【MARVEL】This is my selfishness
第10章 9th
答えたのにジィ、と目をのぞき込まれ、目が合ったまま視線を離せない。
自覚した【好き】を見透かされてしまいそう。
「…筋肉痛で済んで良かった」
『う、うん、ほんとに、ィわっあ?!』
空気が柔らかくなった気がしたのに油断した。
その油断をつくようにぐわん、と視界が変わる。
お姫様抱っこをされて、視線が自分の普段のものより高くなった。
『びびびっくりした…!』
「歩くの、キツイだろ。部屋までこのまま行こう」
『いやっ、大丈夫だって!』
わたしの拒否は爽やかな笑顔でスルーされ、先程までのスピードとは比べ物にならないほどの速さで歩いて行く。
……もしかしてさっきまでゆっくり歩いていたのはゆっくりしか歩けないわたしに合わせてくれてた?
バッキーは早く帰りたいのにわたしを置いてさっさか歩く訳にも行かなくて、手っ取り早いこの形を選んだのでは、、
『ごめん、歩くの遅かったよね…』
大人しく彼の首と肩に掴まるようにして反省する。もうわたし、下ろせ!なんて言いません…の意を込めて。

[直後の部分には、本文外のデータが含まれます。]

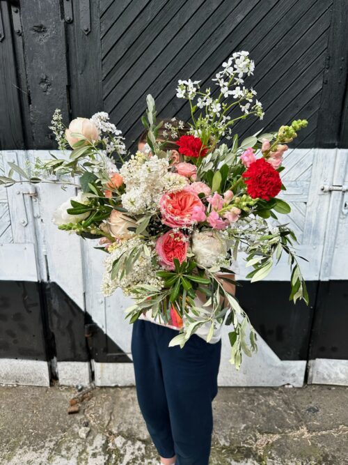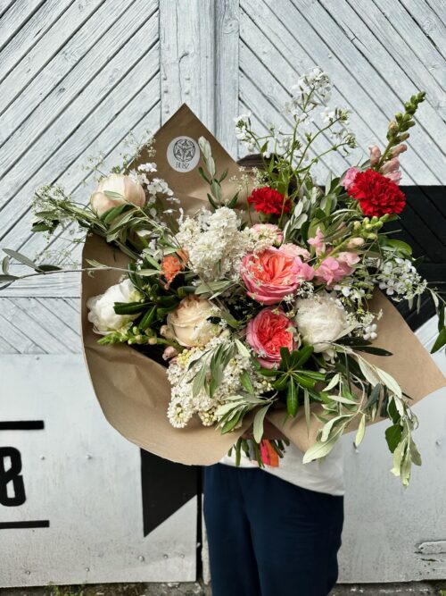 Plan był taki, żeby bukiet przenosił nas do pachnącego ogrodu… i chyba nam się udało 🙂 Pomogły nam w tym róże peoniowe, goździki, oliwka, lwia paszcza, biały bez oraz peonie* Klasyczne, urocze i bardzo kobiece połączenie.
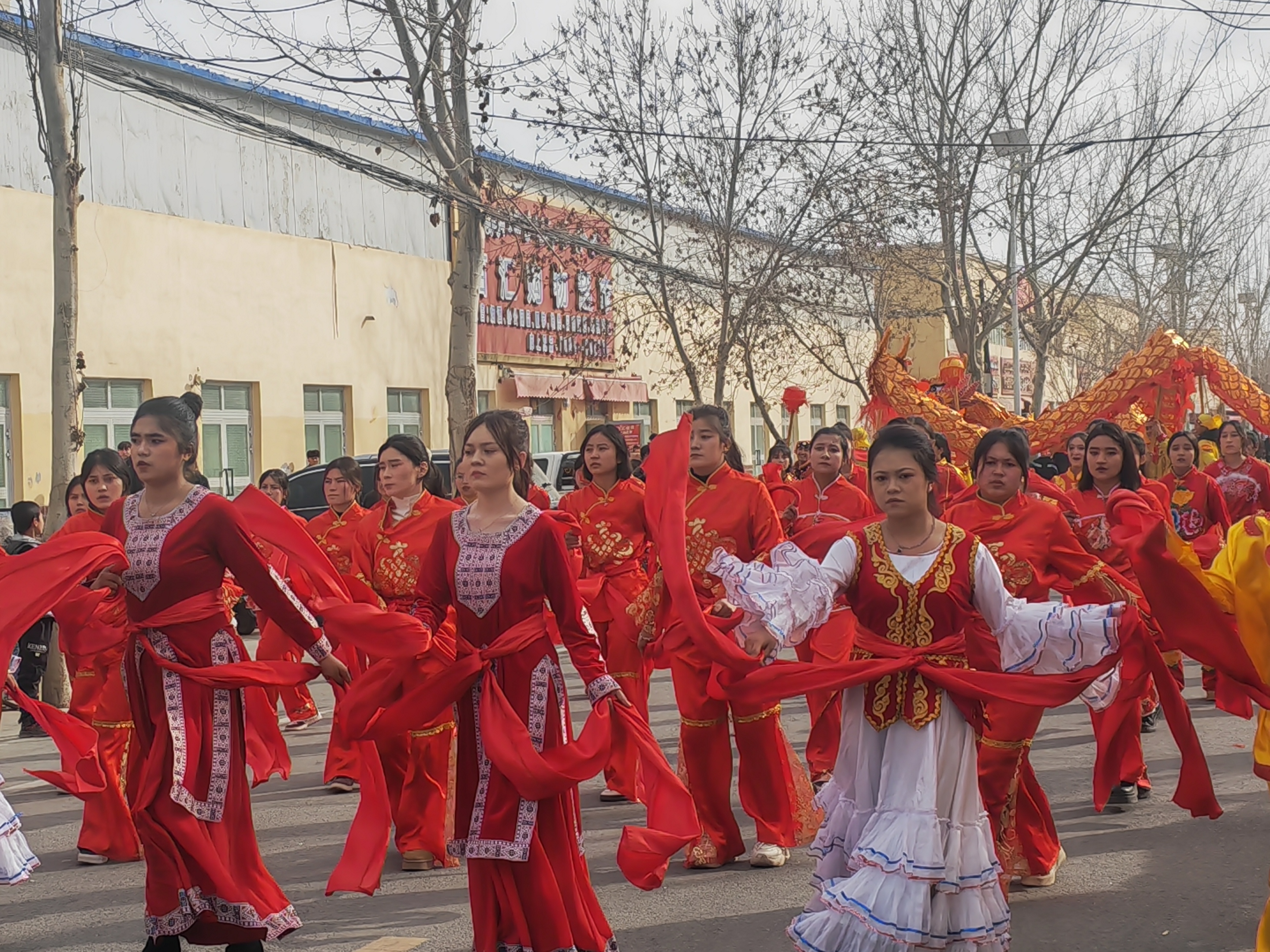 下午時分,隨著一陣陣喜慶的鑼鼓聲響起,社火活動正式拉開帷幕。舞龍舞獅、秧歌等節(jié)目等社火節(jié)目精彩紛呈。身著節(jié)日盛裝的演員們,以飽滿的熱情和精湛的技藝,踏著激昂的鼓點,昂首闊步,每一個動作都飽含著對新年的期待和對美好生活的向往。其中,“瑞蛇”表演尤為引人注目,巨龍翻騰、銀蛇蜿蜒,寓意著新的一年里風(fēng)調(diào)雨順、國泰民安。
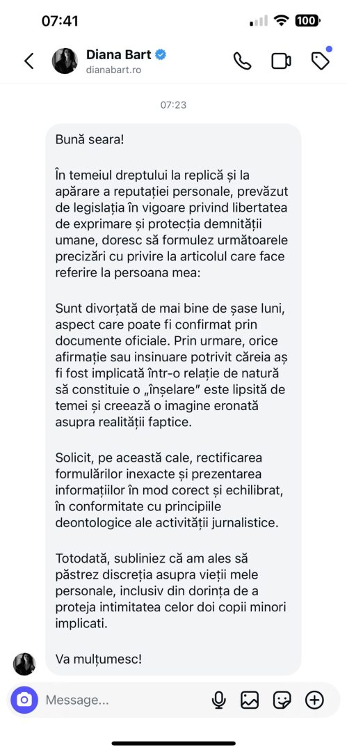 Într-un mesaj trimis pe Instagram redacției Româniatv.net, doamna Bart a ținut să precizeze că este divorțată de mai bine de șase luni. Totuși, prezentatoarea îndrăgită pare să-și fi revenit repede după despărțire. În timp ce alții au nevoie de luni întregi sau chiar terapie pentru a depăși momentul, ea a fost surprinsă alături de actorul Daniel Nuță, sărutându-se pasional în văzul tuturor.
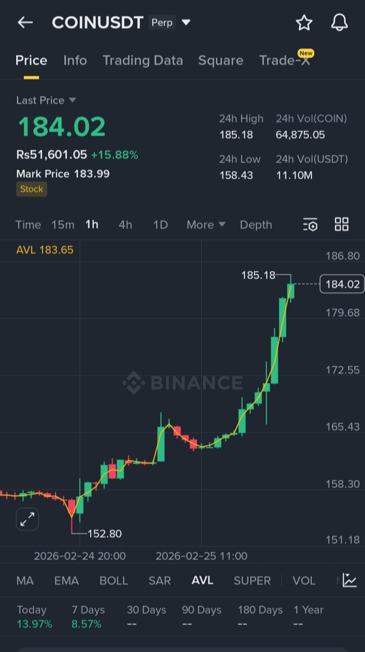 $COIN ha dato un grande breakout e in questo momento sta scambiando vicino al suo livello massimo di 24 ore ($185.18). Gli indicatori (linea AVL) mostrano che il momentum è ancora nelle mani degli acquirenti.

「そういうことじゃない。本当に歩くのがキツイだろうと思ったんだ。仕事中もいつものような動きじゃなかったし、足が上がらなくてよく躓いてたろ」
警備員だからよく見てたんだ、と至近距離で優しい笑顔を見せつけられる。たまらない。
「アパートの階段を登る頃には自分を置いていけとでも言うんじゃないかと思ってな」
『そ、そんな、……言っ、てたかもしんない、、、』
そんなストレートな言葉で言わないと言いたいところだけど、二階建てのアパートで相手に先に上がっといてもらう理由なんて見つからない。
郵便受け見るから〜とか言ったところで2階からわたしの行動は筒抜けの丸見えだ。
『バッキーは筋肉痛とかなんないの?』
「ならないな」
『即答だ…』
「大体寝てれば治る」
『普段から動いてるから?』
「…かもな」
ヒュウ、と夜風が吹いても密着しているバッキーが暖かくて全然寒くない。
それどころか、肩に頭を預けると体温が混じり合うような感じで、歩くリズムで揺れるのも気持ちよくて睡魔が襲ってくる。